To maintain in solution of 0 DEG C of the obtained crude solid (125mg) in DMF (2mL) add in DIPEA (0.30mL,
1.53mmol) and 1- isocyanato-s (isocyanato) -4- methoxyl group -2- methylbenzenes (100mg, 0.56mmol).It will reaction
Mixture stirs 1h at 0 DEG C, then uses H2O (10mL) is quenched.Water layer EtOAc (50mL) is extracted.By organic layer H2O
(20mL) and brine (20mL) wash, and then concentrate in a vacuum.Thick residue is passed through into column chromatography (positive;100-200 mesh
Silica;Solution of 5% MeOH in DCM) purifying to obtain as white solid title compound (85mg,
41%).δH(DMSO-d6,400MHz)8.42(br s,1H),7.98(s,1H),7.72-7.64(m,1H),7.55-7.60(m,
3H),7.04(d,J 8.6Hz,1H),6.82-6.80(m,1H),6.78(dd,J 8.6,2.8Hz,1H),4.88(m,1H),
4.55(d,J 13.4Hz,1H),4.18(d,J 13.0Hz,1H),4.00(d,J 13.0Hz,1H),3.72(s,3H),3.20-
3.15(m,2H),3.00-2.95(m,1H),2.15(s,3H),1.23(d,J 6.6Hz,3H)。LCMS(ES+)[M+H]+
408.3, RT 1.85 minutes (method 2).
Embodiment 2
(3S) -4- (4-aminopyridine simultaneously [3,2-d] pyrimidine -2-base)-N- [6- (3,3- difluoro azetidine -1- bases) -
2- methvl-pyridinium -3- bases] -3- methyl piperazine -1- formamides
To maintaining 0 DEG C of intermediate 1 (525mg) in 1,4- bis-4N HCl are added in solution in alkane (2mL) 1,
4- bis-Solution in alkane.4h is stirred at room temperature in reaction mixture, then in a vacuum concentration and and Et2O is ground together.

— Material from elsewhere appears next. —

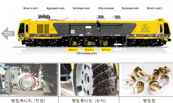 이미지 확대보기레일밀링차는 손상된 레일을 칩(Chip) 형태로 자르거나 연마하는 작업 차량이다. 철도공단은 선로 유지보수 작업의 고도화를 위해 도입을 추진 중이다.

To maintain in solution of 0 DEG C of the obtained crude solid (125mg) in DMSO (2mL) add in DIPEA (0.26mL,
1.53mmol).Reaction mixture is stirred 15 minutes, then adds in N- [6- (3,3- difluoro azetidine -1- bases) -2- first
Yl pyridines -3- bases] phenyl carbamate (WO 2014/096423A1) (195mg, 0.612mmol).By reaction mixture 90
DEG C stirring 3h, then use H2O (10mL) is quenched.Water layer EtOAc (50mL) is extracted.By organic layer H2O (20mL) and brine
(20mL) is washed, and is then concentrated in a vacuum.Thick residue is passed through into column chromatography (positive;100-200 mesh silica;5%
Solution of the MeOH in DCM) title compound (120mg, 37%) of the purifying to obtain as pale solid.δH(DMSO-
d6,400MHz)8.36(dd,J 4.0,1.2Hz,1H),8.04(s,1H),7.65(d,J 7.4Hz,1H),7.60-7.50(m,
3H),7.35(d,J 8.5Hz,1H),6.39(d,J 8.5Hz,1H),5.02-4.95(m,1H),4.55(d,J 13.2Hz,
1H),4.33(t,J 12.5Hz,4H),4.13(d,J 12.6Hz,1H),3.99(d,J 13.2Hz,1H),3.20-3.10(m,
2H),2.98-2.90(m,1H),2.25(s,3H),1.20(d,J 6.6Hz,3H)。LCMS(ES+)[M+H]+470.3,RT
1.81 minutes (method 2).
Embodiment 3
(3S) -4- (4-aminopyridine simultaneously [3,2-d] pyrimidine -2-base)-N- [6- (dimethylamino) -2- picolines -3-
Base] -3- methyl piperazine -1- formamides
To maintaining 0 DEG C of intermediate 1 (525mg) in 1,4- bis-4N HCl are added in solution in alkane (2mL) 1,
4- bis-Solution in alkane.4h is stirred at room temperature in reaction mixture, then in a vacuum concentration and and Et2O is ground together.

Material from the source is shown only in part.